***** Source material

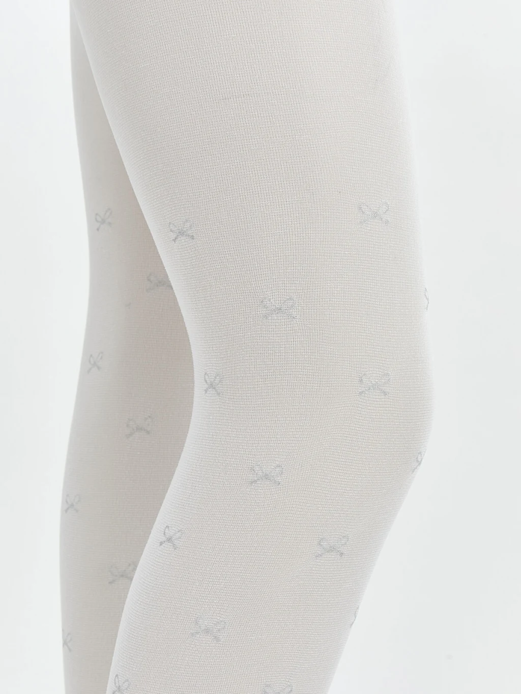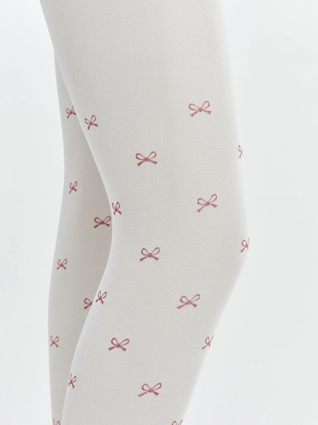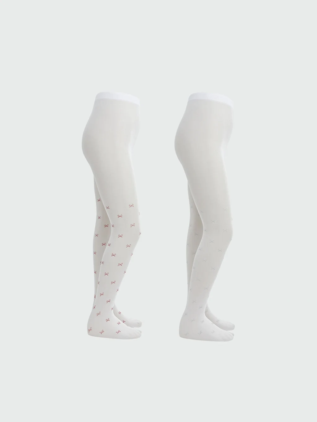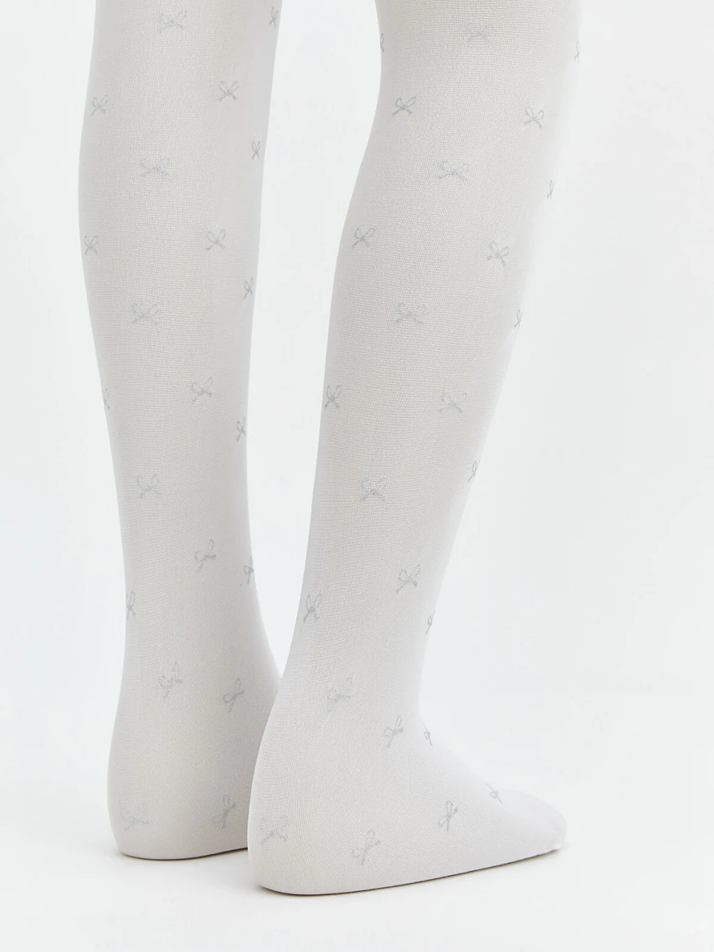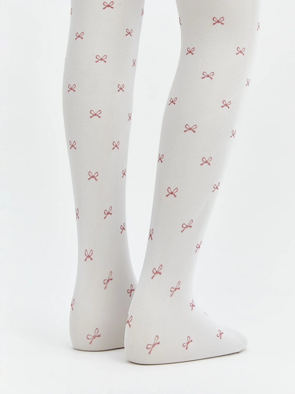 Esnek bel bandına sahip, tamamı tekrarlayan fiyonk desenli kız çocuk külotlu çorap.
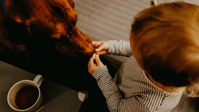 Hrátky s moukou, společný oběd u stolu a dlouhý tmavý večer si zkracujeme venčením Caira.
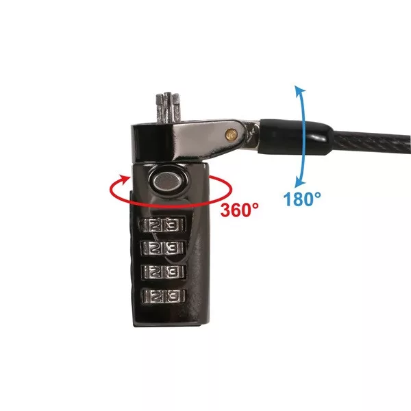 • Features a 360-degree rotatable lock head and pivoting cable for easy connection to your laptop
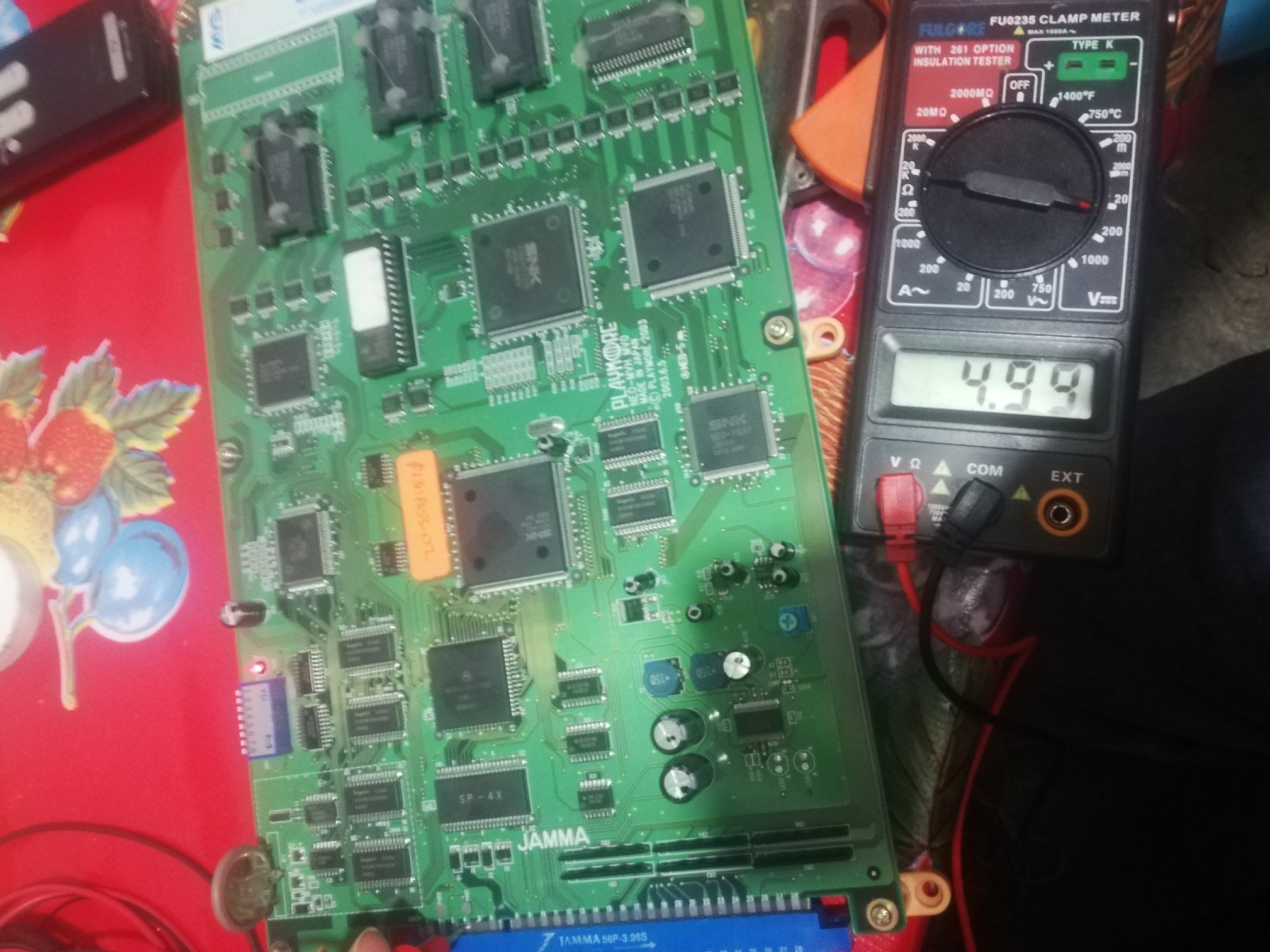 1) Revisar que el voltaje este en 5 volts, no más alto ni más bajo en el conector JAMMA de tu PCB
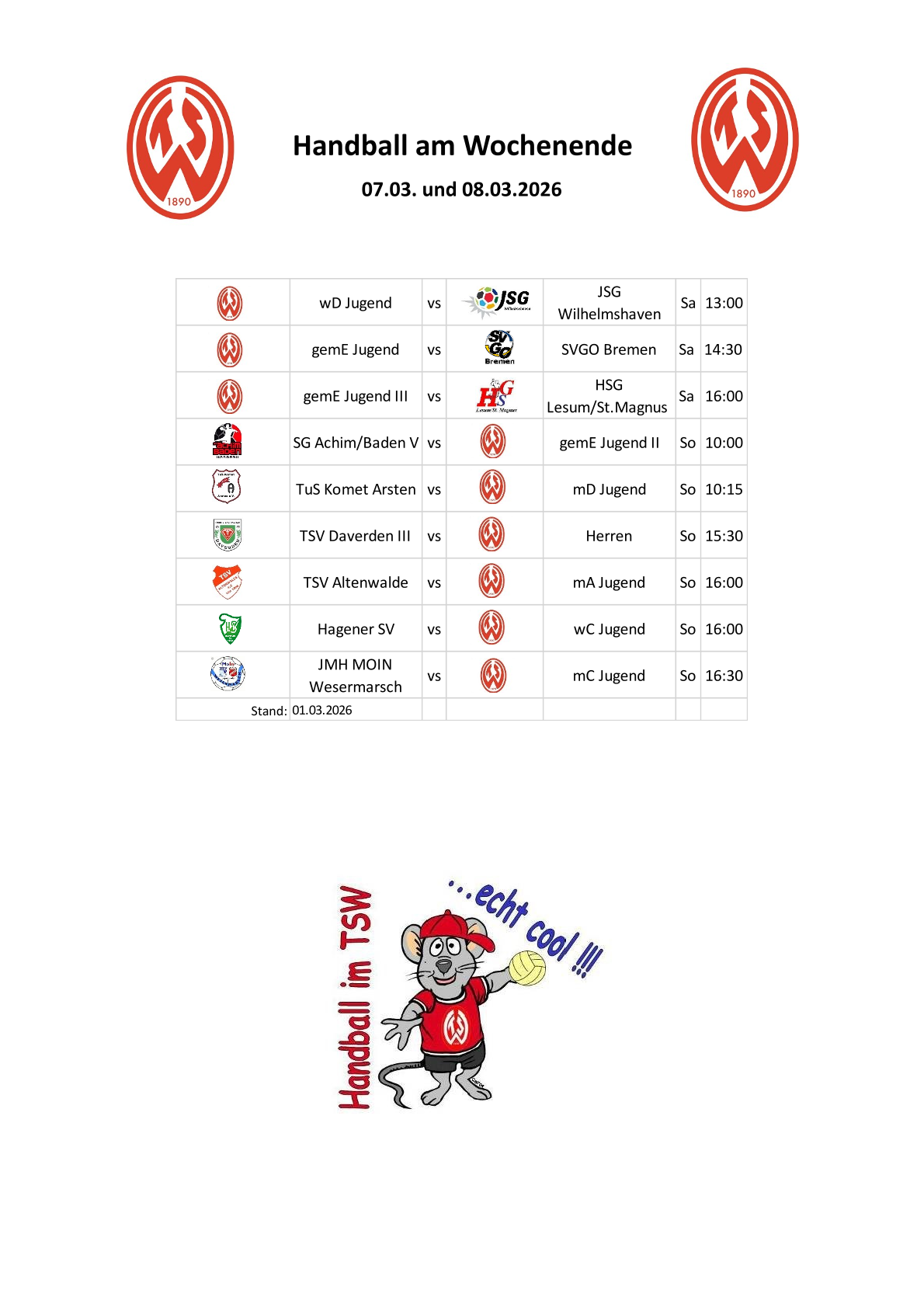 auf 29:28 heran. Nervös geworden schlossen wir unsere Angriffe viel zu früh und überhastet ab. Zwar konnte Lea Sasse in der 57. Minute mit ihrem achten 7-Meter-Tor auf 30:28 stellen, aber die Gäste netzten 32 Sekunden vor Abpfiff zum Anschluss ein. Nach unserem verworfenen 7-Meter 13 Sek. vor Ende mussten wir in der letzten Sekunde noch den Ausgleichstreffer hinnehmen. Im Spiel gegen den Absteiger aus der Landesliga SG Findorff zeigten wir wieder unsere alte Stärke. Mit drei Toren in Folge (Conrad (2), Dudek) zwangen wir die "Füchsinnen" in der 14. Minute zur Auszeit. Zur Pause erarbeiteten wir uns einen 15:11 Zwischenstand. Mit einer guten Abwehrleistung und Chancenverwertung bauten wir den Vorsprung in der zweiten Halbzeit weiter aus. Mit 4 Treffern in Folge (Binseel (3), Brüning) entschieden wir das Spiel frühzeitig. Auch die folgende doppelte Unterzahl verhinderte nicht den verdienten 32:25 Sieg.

**********

• **Work instructions**
The expected output is the lines above from the one containing "Hrátky s moukou, společný" to the one containing "1) Revisar que", both ends included, reproduced exactly with every picture left out.

• **Output below**
 Hrátky s moukou, společný oběd u stolu a dlouhý tmavý večer si zkracujeme venčením Caira.
 • Features a 360-degree rotatable lock head and pivoting cable for easy connection to your laptop
 1) Revisar que el voltaje este en 5 volts, no más alto ni más bajo en el conector JAMMA de tu PCB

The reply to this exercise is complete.